> _TASK TO CARRY OUT_:
Output, verbatim and without pictures, the lines from the first line of the listing through the line containing "A worker stands".

--*--

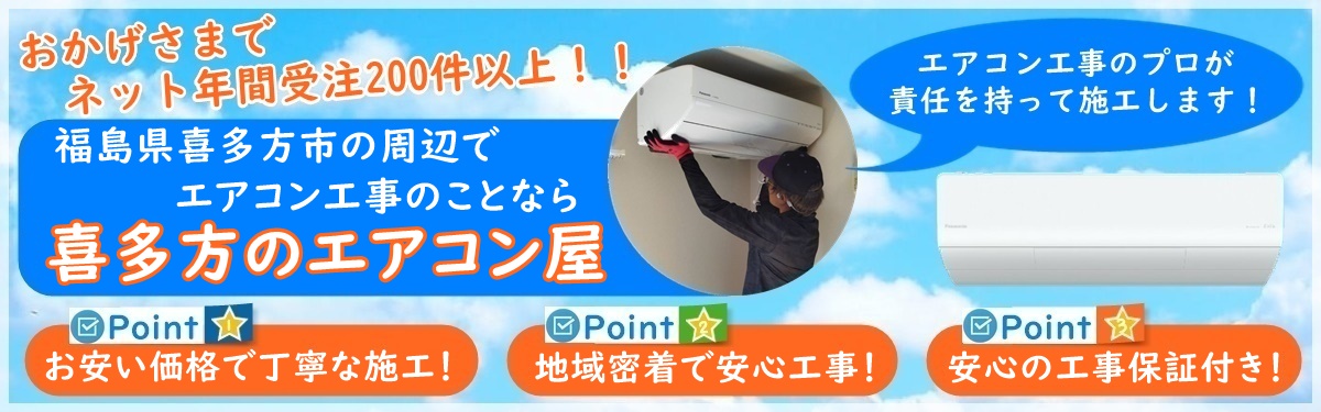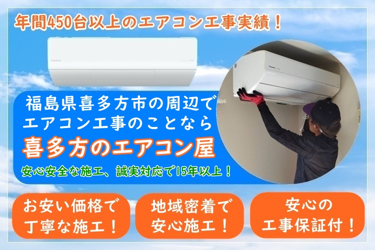 喜多方のエアコン屋は家庭用のエアコン工事を主にエアコン取り付け・取り外し工事をおこなっている地域密着のエアコン業者で、喜多方市を中心に福島県で活動しております。
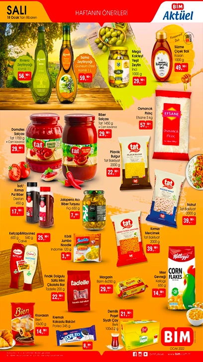 BİM 18 Ocak 2022 aktüel ürünler kataloğundaki temel ihtiyaç grubunda Bien 10×30 gr Kruvasan 14,90 TL. Bizim 4×250 gr Margarin 29,90 TL. Tat 2000 gr Bakliyat Nohut 39,90 TL. Efsane 5 Kg Osmancık Pirinç 57,50 TL. Kellogg's 650 gr Mısır Gevreği 14,90 TL. Komili Riviera 1 Litre Zeytinyağı 56,90 TL. Kozan 1000 gr Süzme Çiçek Balı 49,90 TL. Tat 2000 gr Bakliyat Pilavlık Bulgur 29,90 TL. Indomie 120 gr Körili Jumbo Noodle 3,90 TL. Destan 450 gr İsot – Kırmızı Pul Biber 17,90 TL fiyatla satışa sunulacak.
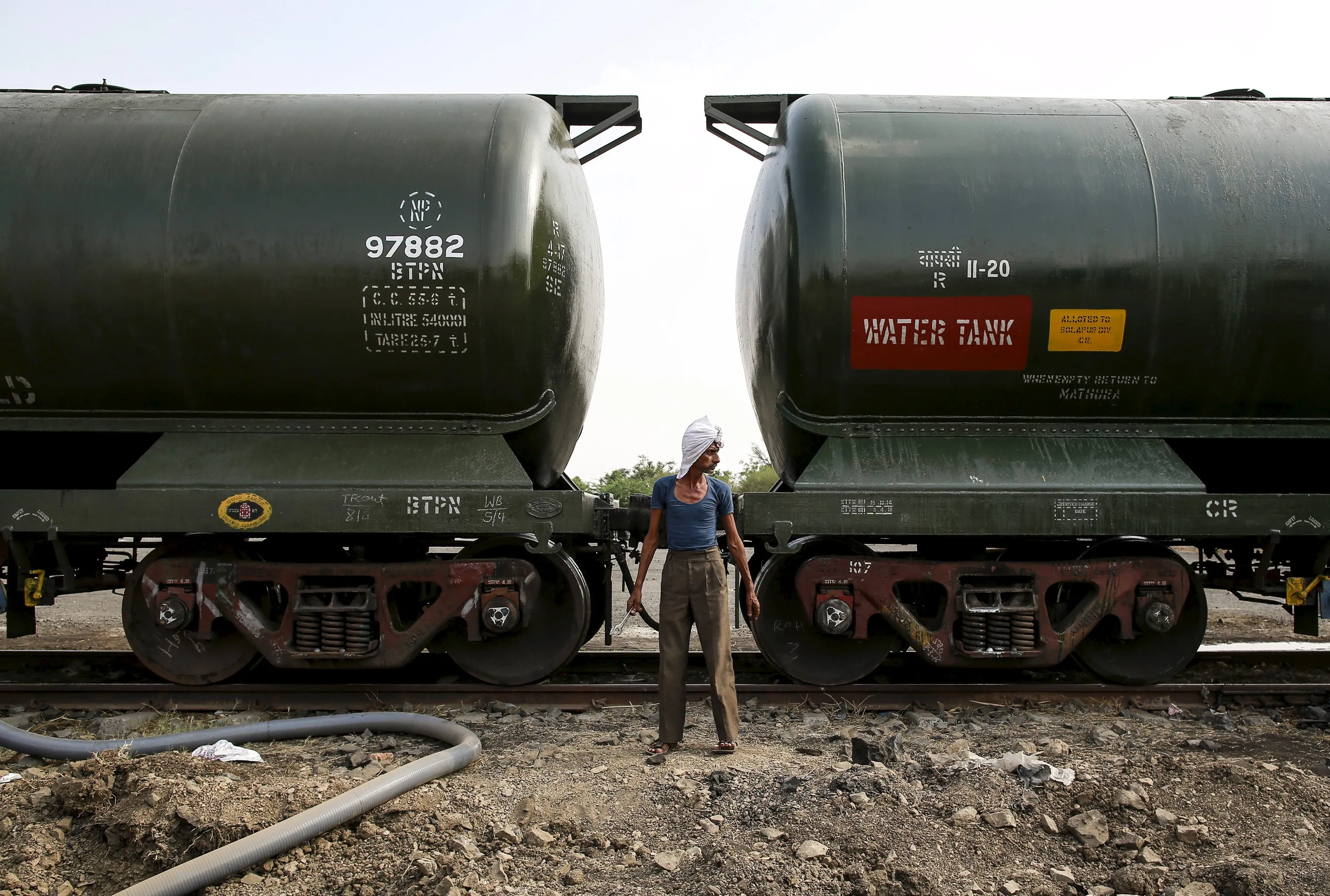 A worker stands in front of a tanker wagon carrying water at a railway station in Latur, India, April 16, 2016. (Photo by Danish Siddiqui/Reuters)
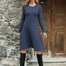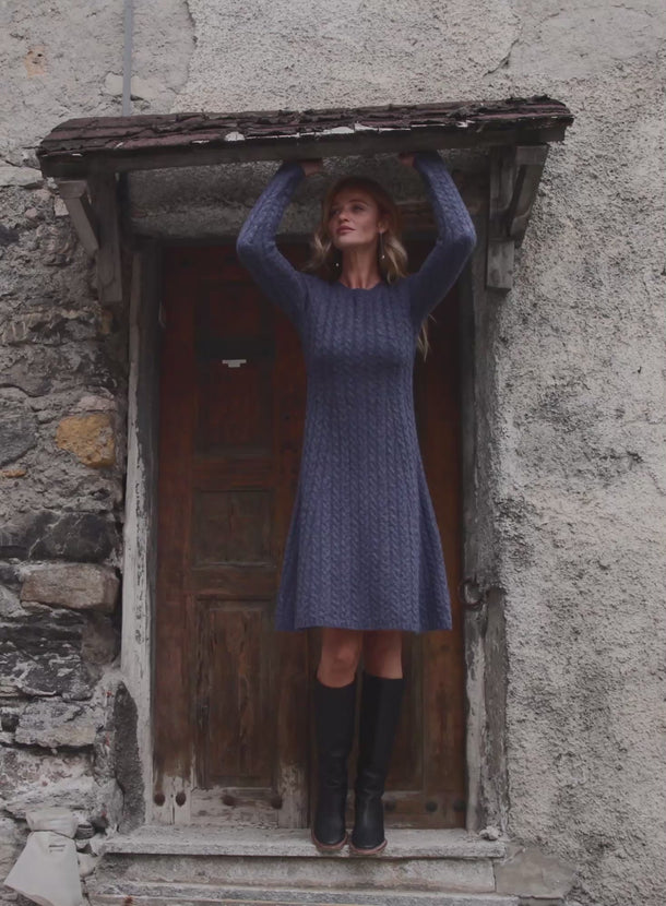 Knit in airy, dimensional cables and ribs, our crewneck sweater-dress is light as a cloud in a baby alpaca blend. Engineered in knit godets for a flattering fit-and-flare silhouette.
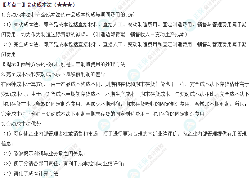 注会《财管》高频考点第15章:变动成本法
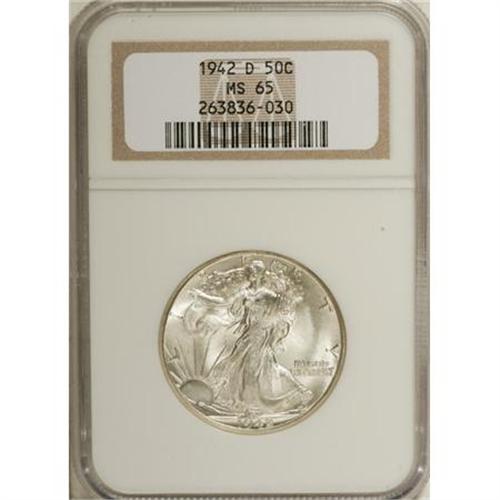 1942-D 50C MS65 NGC. NGC Census: (1262/855). PCGS

--*--

> _ANSWER AREA_:
 喜多方のエアコン屋は家庭用のエアコン工事を主にエアコン取り付け・取り外し工事をおこなっている地域密着のエアコン業者で、喜多方市を中心に福島県で活動しております。
 BİM 18 Ocak 2022 aktüel ürünler kataloğundaki temel ihtiyaç grubunda Bien 10×30 gr Kruvasan 14,90 TL. Bizim 4×250 gr Margarin 29,90 TL. Tat 2000 gr Bakliyat Nohut 39,90 TL. Efsane 5 Kg Osmancık Pirinç 57,50 TL. Kellogg's 650 gr Mısır Gevreği 14,90 TL. Komili Riviera 1 Litre Zeytinyağı 56,90 TL. Kozan 1000 gr Süzme Çiçek Balı 49,90 TL. Tat 2000 gr Bakliyat Pilavlık Bulgur 29,90 TL. Indomie 120 gr Körili Jumbo Noodle 3,90 TL. Destan 450 gr İsot – Kırmızı Pul Biber 17,90 TL fiyatla satışa sunulacak.
 A worker stands in front of a tanker wagon carrying water at a railway station in Latur, India, April 16, 2016. (Photo by Danish Siddiqui/Reuters)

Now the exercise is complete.